Once every touch has been identified, determine how to weigh each one so that their values can be properly assessed. Here are three basic strategies for assigning those values:
- Timing: Some touches may weigh heavier based on when they happened in the buyer cycle. Usually, the touch that triggered key behavior from a buyer is assigned more value than a top-of-funnel touch that took place months or years prior.
- Role: Programs that targeted and influenced the key decision maker in an organization may be assigned more weight than those that spoke to other influencers. Just make sure that the scales tip in favor of the actual decision maker, not necessarily the people higher on the leadership flow chart.
- Program type: Programs that require greater engagement may be weighted higher than those that do not. A webinar or live demo, for example, requires more participation from prospects and would most likely influence them more than an infographic.
Some assumptions are necessary for this method, and that's OK. Just make sure you are prepared to defend them to the C-suite, or you may risk invalidating the whole process.
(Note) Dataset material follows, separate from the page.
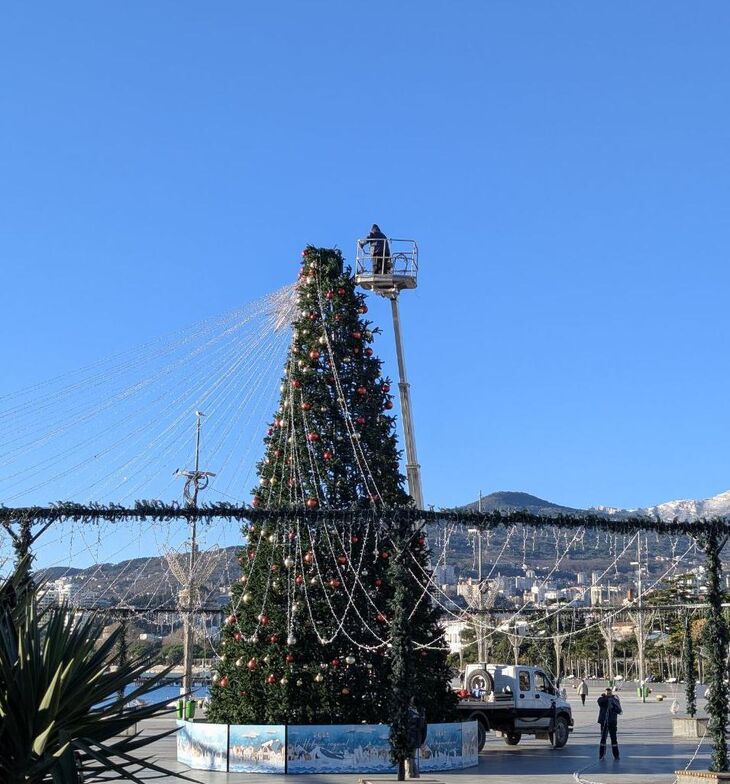 В Ялте на набережной несколько бригад ремонтируют пострадавшие от вчерашнего штормового ветра елочки.

Method 4: Test and Control Groups
Test and control groups are a great way to measure the actual—not the projected or assumed—impact of a marketing campaign on your target audience. And in theory, it's as easy as your middle school science fair experiment!
Using test and control groups requires a little extra strategy from the start—you have to plan a program to be test-able. The goal is to apply the factor you want to measure to one part of your target market. So make sure you divide your audience into two groups that match up on other basic metrics.
Method 5: Full Market Mix Modeling (MMM)
Marketing Mix Modeling (MMM) demonstrates how each unique marketing touch, as well as non-marketing variables, impact sales volume. Statistical techniques create complex equations that can take into account an infinite number of factors, including:
- Economic conditions
To be effective, this model requires a lot of data. So much so that most marketers find that MMM consumes too much time and energy. This explains why only 3% of B2B marketers use it.